Buried treasures of Cairo Genizah
In earlier posts I’ve discussed a number of ancient manuscripts, including the Dead Sea Scrolls and Novgorod birch bark documents. But it is scholars of Semitic languages that have been particularly blessed with a cornucopia of written documents in various earlier Semitic languages.
Since the Middle East has been one of the cradles of writing (see map below), Semitic languages are attested in a written form from a very early date: texts in Eblaite and Akkadian written in a script adapted from Sumerian cuneiform are dated from around the middle of the 3rd millennium BCE. Other writing systems used for early Semitic languages were alphabetic in nature. Among them are the Ugaritic, Phoenician, Aramaic, Hebrew, Syriac, Arabic, South Arabian, and Ge’ez alphabets. Because of this wealth of written documents in Semitic languages, we know a great deal about the history and development of these languages.
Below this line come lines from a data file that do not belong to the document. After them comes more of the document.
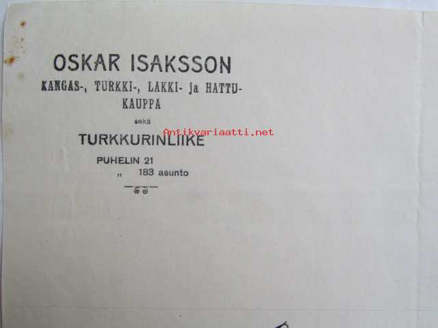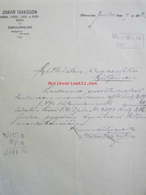 Oscar Isaksson Kangas-turkki-lakki-hattukauppa, Hämeenlinna joulukuun 9 1922. -asiakirja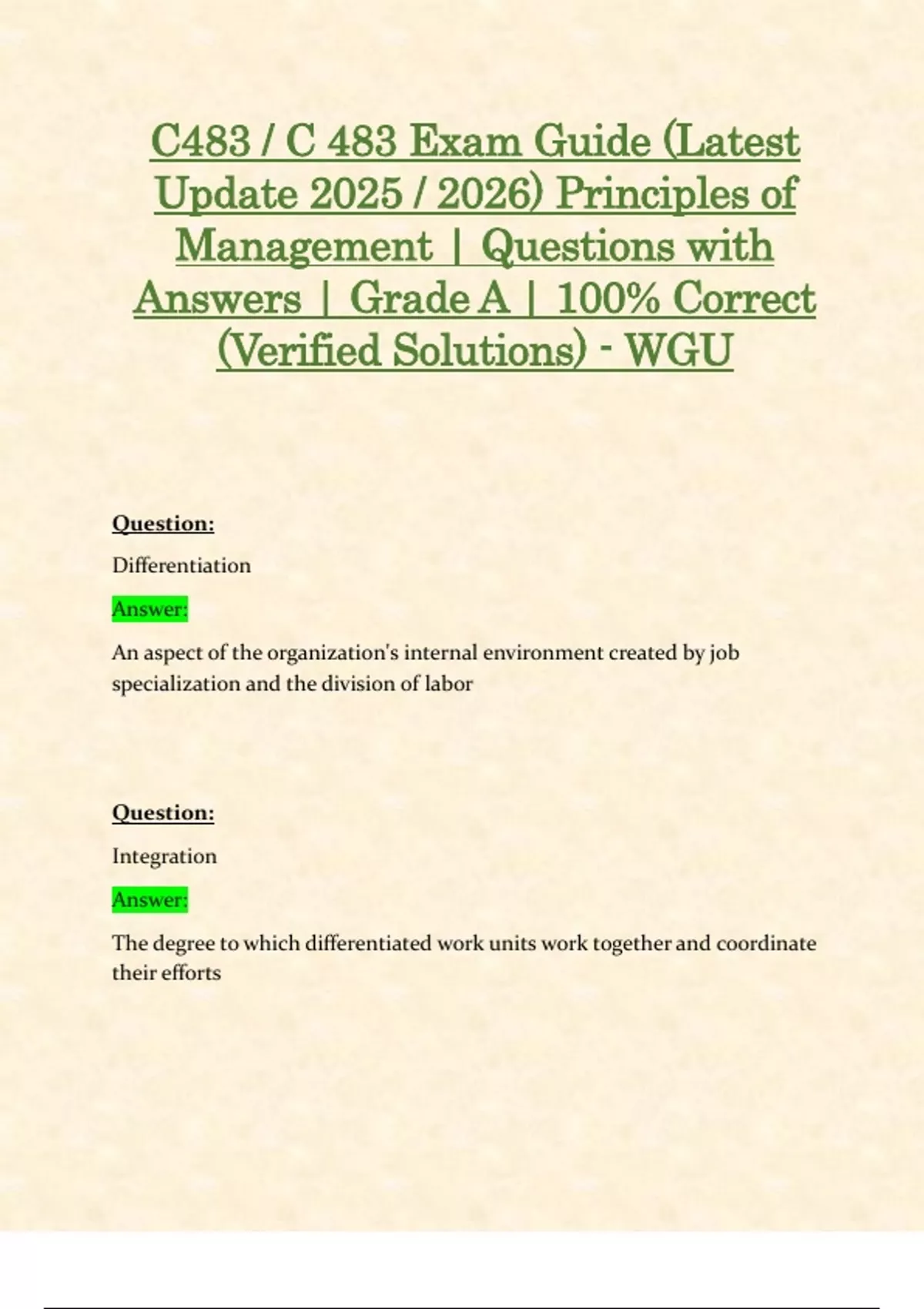 C483 / C 483 Exam Guide (Latest Update 2025 / 2026) Principles of Management | Questions with Answers | Grade A | 100% Correct (Verified Solutions) - WGU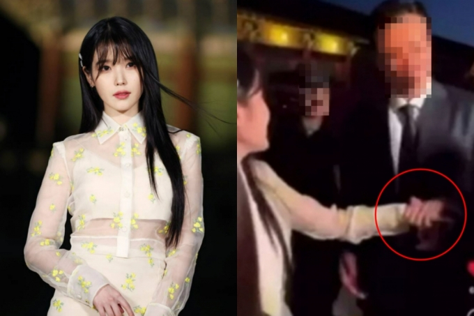 | 가수 겸 배우 아이유. 지난 16일 서울 종로구 경복궁 근정전에서 열린 구찌 패션쇼에서 아이유의 손목을 붙잡은 대만의 인플루언서 몰리. /사진=머니투데이 DB, 온라인 커뮤니티 캡처 |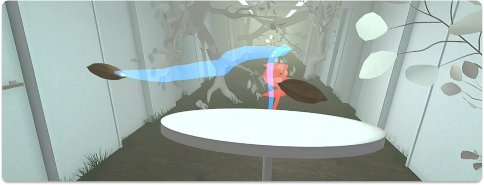 Ghost 팀은 사용자에게 AR 가상 환경과 씨앗을 제시합니다. 그리고 사용자가 씨앗을 옮길 때의 손 움직임을 사실(Fact)로, 이후 동일한 행동을 기억에 의존해 재현했을 때의 움직임을 기억(Memory)으로 정의합니다. 이제 생각해보죠. 처음 사용자는 이 경험을 예상하지 않고, 자연스럽게 씨앗을 옮깁니다. 그리고, 다시 그 움직임을 재현해달라고 부탁을 받았을 때, 사용자는 완벽히 그 궤적을 따라갈 수 있을까요? |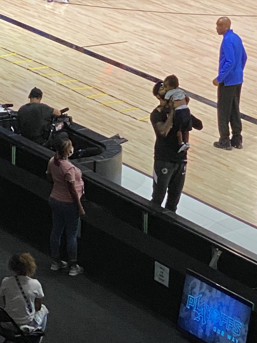 根据记者Dave McMenamin的报道,快船球员马库斯-莫里斯在本场比赛热身结束后抱起了场边观战的小马库斯-莫里斯。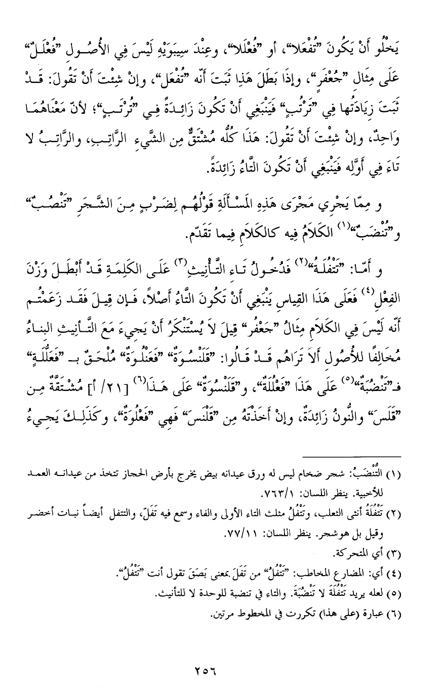 وأمّا: "تَتْفُلَةٌ" فدخول تاء التأنيث على الكلمة قد أبطل وزن الفعل فعلى هذا القياس ينبغي أن تكون التّاء أصلاً، فإن قيل فقد زعمتم أنّه ليس في الكلام مثال "جعْفُر" قيل لا يُسْتَنْكَرُ أن يجيء مع التأنيث البناءُ مخالفًا للأصول ألا تراهم قد قالوا: "قَلَنْسُوَةٌ" "فَعَنْلُوَةٌ" مُلْحَقٌ بـ" فَعَلُّلَةٍ" فـ"تَنْضُبَةٌ" على هذا "فَعْلُلَةٌ"، و"قَلَنْسُوَةٌ" على هذا مشتقّة من "قَلَسَ" والنّون زائدة، وإن أخذته من "قَلْنَسَ" فهي "فَعْلُوَةٌ"، وكذلك يجيء

The cornucopia of written documents in various earlier Semitic languages is further supplemented by the documents written in the Hebrew script found in the so-called genizot (plural of genizah). These are depositories for worn-out books and papers stored there until they could receive a proper cemetery burial. This is because in the Jewish tradition it is forbidden to throw away writings containing the name of God. In practice, genizot contained writings of both religious and secular nature (including personal letters or legal contracts opening with the customary invocation of God) and even writings in languages other than Hebrew but written in the Hebrew script: Judeo-Arabic, Judeo-Persian, Judeo-Spanish, Yiddish, Old French, Arabic, etc.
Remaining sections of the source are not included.